Diamond arms are regularly solid… and mine stay fairly weak. It often actually troubles me when the bitcoin value drops precipitously. (It’s the sudden excessive of it, I consider, that’s a giant deal… and I discover it exhausting to account for it even in hindsight). I act recklessly, lash out — and never occasionally YOLO into lows with lease cash or different swimming pools of spare money that actually shouldn’t go into bitcoin.
In bull markets, that form of conduct often works to my profit… however at some point it received’t. Morgen Rochard, on one among these limitless appearances on the Bitcoin podcast circuit, hammered dwelling this level. (I typically say that Morgen has, paradoxically, satisfied me to carry much less bitcoin than I do… sleep calmly at night time, be stoic within the face of value strikes, and so on, and so on.)

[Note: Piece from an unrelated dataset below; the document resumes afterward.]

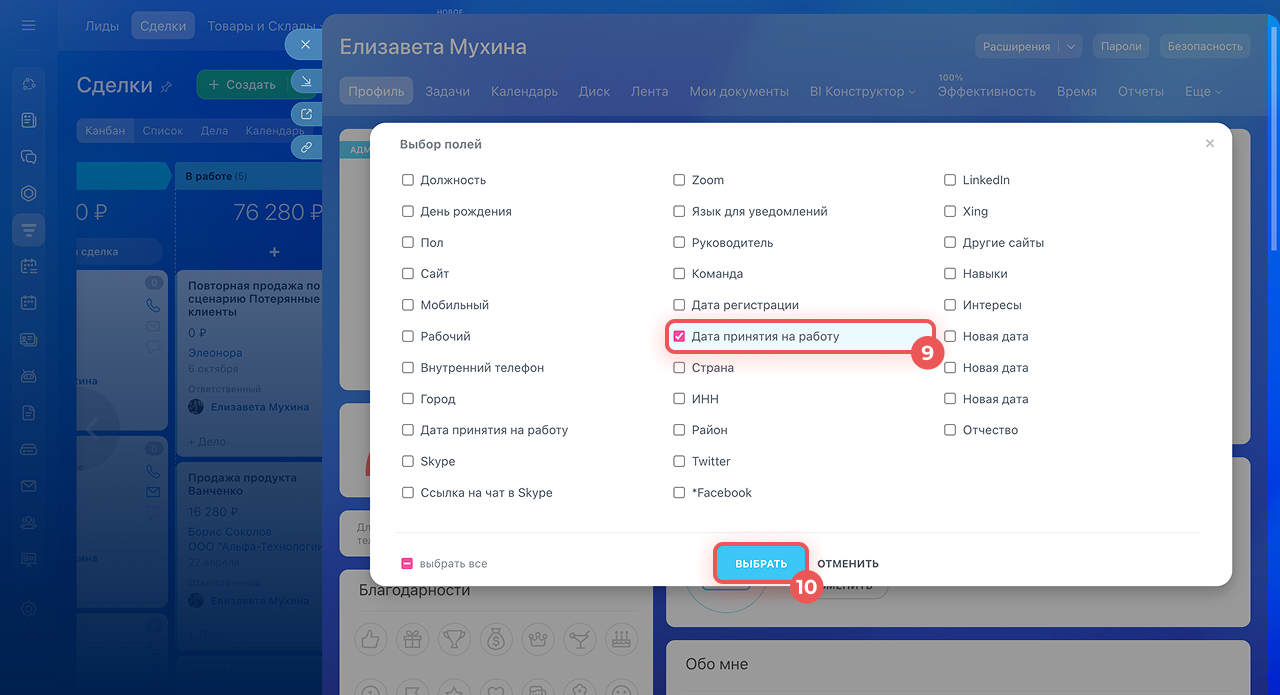 8–10. Нажмите Выбрать поле и добавьте поле. Сохраните изменения.

The extra I study Strategy, the extra I’m warming as much as its many specifically catered merchandise. It makes some semblance of sense for me to personal e.g., STRC for short-term money and STRK for muted bitcoin publicity with money circulate. STRK, financially talking, is like holding bitcoin twice financially eliminated; short-term actions in short-term value could be a lot much less excessive and it might pay me a little bit of further fiat facet earnings.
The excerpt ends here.